I am guessing (you don't say) that your concern is that it seems
unfair for some app in some small cpuset to be able to trigger the
system-wide OOM killer. The basic problem that this caused, that
of killing unrelated processes in entirely non-overlapping cpusets,
which was of no use in reducing the memory stress in the faulting
cpuset, is no longer a problem.

--
I won't rest till it's the best ...
Programmer, Linux Scalability
Paul Jackson <[email protected]> 1.925.600.0401

2006-02-07 00:04:05

by Christoph Lameter

[permalink] [raw]
Subject: Re: OOM behavior in constrained memory situations

On Mon, 6 Feb 2006, Andrew Morton wrote:

> The oom-killer is invoked from the page allocator. A hugetlb pagefault
> won't use the page allocator. So there shouldn't be an oom-killing on
> hugepage exhaustion.

Right..... and the arch specific fault code (at least ia64) does not call
the OOM killer.

> I think this comment is just wrong:
>
> /* Logically this is OOM, not a SIGBUS, but an OOM
> * could cause the kernel to go killing other
> * processes which won't help the hugepage situation
> * at all (?) */
>
> A VM_FAULT_OOM from there won't cause the oom-killer to do anything. We
> should return VM_FAULT_OOM and let do_page_fault() commit suicide with
> SIGKILL.

Drop my patch that adds the comments explaining the bus error and add this
fix instead. This will terminate an application with out of memory instead
of bus error and remove the comment that you mentioned.

Signed-off-by: Christoph Lameter <[email protected]>

Index: linux-2.6.16-rc2/mm/hugetlb.c
===================================================================
--- linux-2.6.16-rc2.orig/mm/hugetlb.c 2006-02-02 22:03:08.000000000 -0800
+++ linux-2.6.16-rc2/mm/hugetlb.c 2006-02-06 16:02:53.000000000 -0800
@@ -391,12 +391,7 @@ static int hugetlb_cow(struct mm_struct

if (!new_page) {
page_cache_release(old_page);
-
- /* Logically this is OOM, not a SIGBUS, but an OOM
- * could cause the kernel to go killing other
- * processes which won't help the hugepage situation
- * at all (?) */
- return VM_FAULT_SIGBUS;
+ return VM_FAULT_OOM;
}

spin_unlock(&mm->page_table_lock);
@@ -444,6 +439,7 @@ retry:
page = alloc_huge_page(vma, address);
if (!page) {
hugetlb_put_quota(mapping);
+ ret = VM_FAULT_OOM;
goto out;
}

2006-02-07 00:39:14

by Christoph Lameter

[permalink] [raw]
Subject: Re: OOM behavior in constrained memory situations

On Mon, 6 Feb 2006, Paul Jackson wrote:

> If it is the case that some code path leads to the OOM killer, then
> I don't agree that memory restrictions such as cpuset constraints
> should mean we avoid the OOM killer.
>
> I've already changed the OOM killer to only go after tasks in or
> overlapping with the same cpuset.

That is not enough.
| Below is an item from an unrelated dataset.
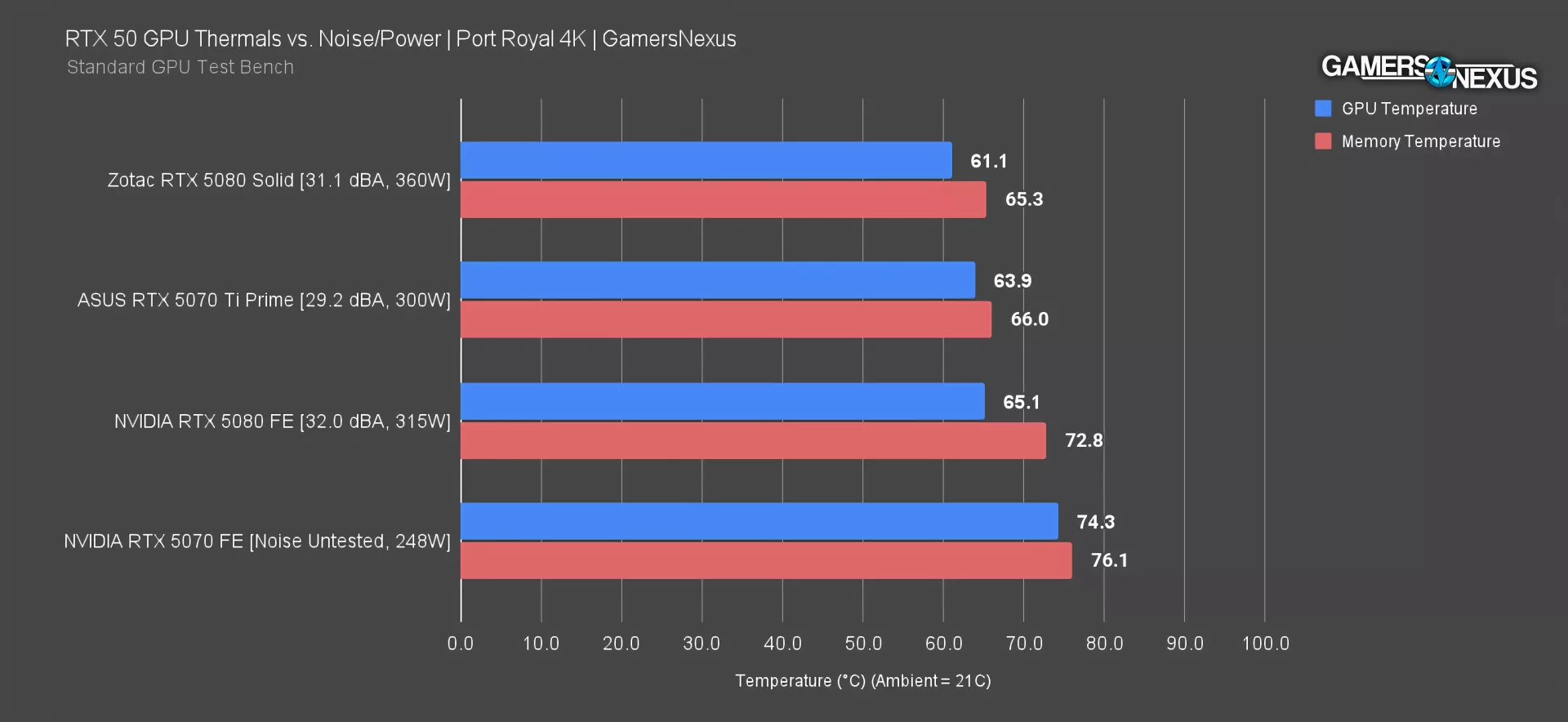 We’ll keep thermals short and simple. Using our usual benchmark of Port Royal at 4K and looping, we measured the 5070 FE at steady state at around 74 degrees Celsius for GPU core temperature. The memory temperature was about 76 degrees. Both of these numbers are acceptable; memory is well within spec and is completely fine. Core has some room for a hotter computer case. The core temperature isn’t impressive, but is acceptable, and there’s a little bit of buffer there.

Memory access may also be restricted by policies
and then the OOM killer will still go postal. If a process has restricted
its memory allocation by either setting up a policy or a cpuset constrain
then the OOM killer should not be called. Instead either the application
needs to be terminated (if it set the stupid policy) or the cpuset can
perform something OOM-killer-like on the processes it controls.

In its simplest form this could look like the following patch (missing
support for vma policies, and its not certain that a process has just
attempted an allocation constrained by policy if mempolicy is set).

Maybe we need to set a gfp flag for constrained allocations that will
terminate the app?

Index: linux-2.6.16-rc2/mm/page_alloc.c
===================================================================
--- linux-2.6.16-rc2.orig/mm/page_alloc.c 2006-02-02 22:03:08.000000000 -0800
+++ linux-2.6.16-rc2/mm/page_alloc.c 2006-02-06 16:36:20.000000000 -0800
@@ -1011,6 +1011,15 @@ rebalance:
if (page)
goto got_pg;

+ if (current->mempolicy && current->mempolicy->policy == MPOL_BIND)
+ /*
+ * Process has set up a memory policy which may
+ * constrain allocations. This is not a case
+ * for the OOM killer. Terminate the application
+ * instead.
+ */
+ return NULL;
+
out_of_memory(gfp_mask, order);
goto restart;
}

2006-02-07 01:55:33

by Christoph Lameter

[permalink] [raw]
Subject: Re: OOM behavior in constrained memory situations

I just tried to oom a process that has restricted its mem allocation to
node 0 using a memory policy. Instead of an OOM the system began to swap
on node zero. The swapping is restricted to the zones passed to
__alloc_pages. It was thus swapping node zero alone.

If a cpuset restriction is in place then we will still swap to all the
zones passed to alloc_pages(). This includes zones not in the current
cpusets. Thats somewhat strange behavior.

Only if swap is off then we will reach the OOM killer if node zero or the
cpuset is exhausted.

So swap memory fulfills all requirements of memory policies and cpusets?
Weird.


Here is a first of all a proposal of a patch that kills the process that
constrains the allocations instead of starting the OOM killer (in the not
swapped case).

Do not invoke OOM killer for constrained allocations

Add some code to detect policies that do not include all nodes in the system.
For those policies invoke the page allocator with the newly added
__GFP_NO_OOM_KILLER flags. Allocations will then not invoke the OOM killer
(finding no page just means that the system has no available page for
that particular process) but terminate the application instead.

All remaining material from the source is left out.